If you just want a quick answer: Qwen3-TTS for real-time, CosyVoice 3 or VoxCPM 1.5 for pre-produced content, Chatterbox for fast fine-tuning, Supertonic for CPU-first ONNX deployment, and Kokoro for very small edge footprints.

If you searched for best TTS model 2026, open source TTS model comparison, CosyVoice vs Qwen3-TTS, F5-TTS quality review, or TTS inference speed, this is the routing page. It compares model choice by use case, not by a single leaderboard score.

Where this fits

For founders: Your team is about to pick a TTS model. This decision tree prevents the most expensive mistake - choosing a model that is technically impressive but wrong for your deployment constraints. A real-time product cannot tolerate CosyVoice 3's compute overhead. An audiobook pipeline does not need Qwen3-TTS's 97ms latency. Match the model to the use case before writing any integration code.
For engineers: This is the routing logic we use internally. Each recommendation is grounded in first-party benchmarks - not paper claims, not leaderboard scores, not vibes. We include the specific checkpoints, LoRA scales, and failure modes we observed so you can reproduce or skip straight to deployment.

How to use this decision tree

Start from your use case, not from a model name. The models below overlap in capability - most of them can do voice cloning, most of them fit on a 24GB GPU, and most of them produce decent output in zero-shot mode. The differences emerge when you add constraints: latency budget, fine-tuning requirements, target language, or deployment hardware.

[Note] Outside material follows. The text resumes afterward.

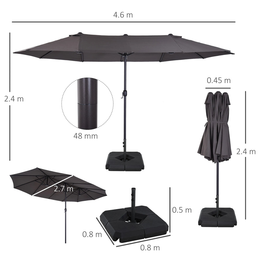 Outsunny 4.6m Garden Parasol Double-Sided Sun Umbrella Patio Market Shelter Canopy Shade with Weight Base, Grey
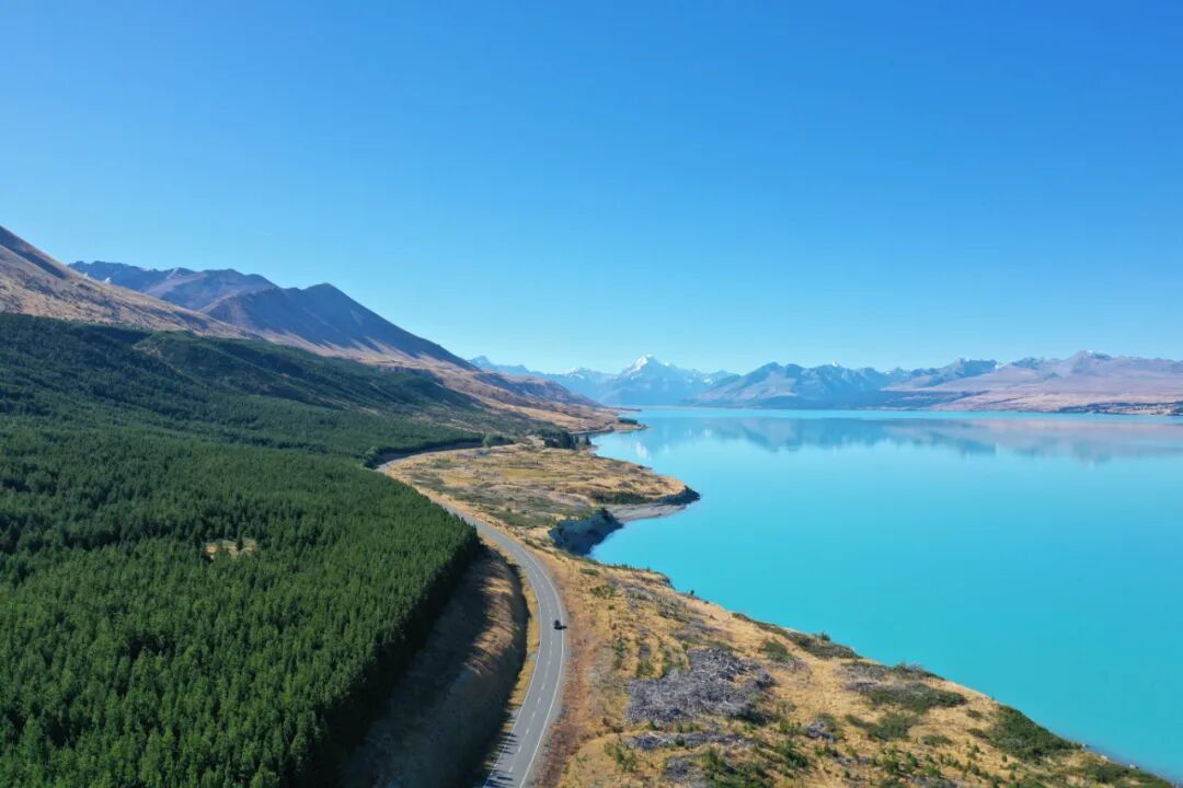 作品简介:在蓝得不真实的普卡基湖边,一条蜿蜒的公路悄然通往远方的库克雪山。阳光洒在金黄的草原和墨绿的森林上,大自然的广阔令人心生敬畏。

Read the decision tree table first. If your situation maps cleanly to one row, jump to that model's deep-dive section. If you are torn between two models, the deep-dive sections include the trade-offs we observed.

Quick model-fit matrix

Forum threads around local TTS keep returning to the same practical questions: will it run locally, does it clone well enough, can it stream, what does it cost to operate, and what failure should I expect first? Use this matrix as a routing layer before comparing demos.

Model

Your first constraint	Start here	Why
Realtime voice agent	Qwen3-TTS	Start with a streaming-native path, then verify first-audio latency in your own stack.
Local ElevenLabs-style cloning	F5-TTS or Qwen3-TTS, then compare	F5 has a lighter experimentation path; Qwen3 gives stronger realtime and LoRA controls.
CPU-only or local app TTS	Supertonic 3	The Python SDK ran on Apple Silicon with ONNX Runtime CPU, ~547 MB peak RSS, and no discrete VRAM.
8GB or 12GB VRAM	Kokoro or Supertonic for edge, F5-TTS for tests	Treat this as exploration territory unless you can accept small batches and limited validation.
16GB VRAM	F5-TTS first	It is the most plausible fine-tuning experiment below the 24GB class, with caveats.
24GB VRAM	VoxCPM 1.5, Qwen3-TTS, CosyVoice	This is the validated consumer-GPU class for the Instavar benchmark series.
Long-form narration	CosyVoice 3 or VoxCPM 1.5	Batch workflows can review and regenerate segments, which matters more than first-packet latency.
Closest possible cloned speaker	IndexTTS2 or VoxCPM 2	Full-SFT paths are heavier, but they are the right comparison when voice fidelity matters most.
Commercial-safe open-source deployment	License check first, then model	The model choice is secondary if the license, training data, or voice consent does not fit the use.
Emotion control	Qwen3-TTS, Fish Speech, or Higgs	Treat emotion tags as a feature to test, not a guarantee.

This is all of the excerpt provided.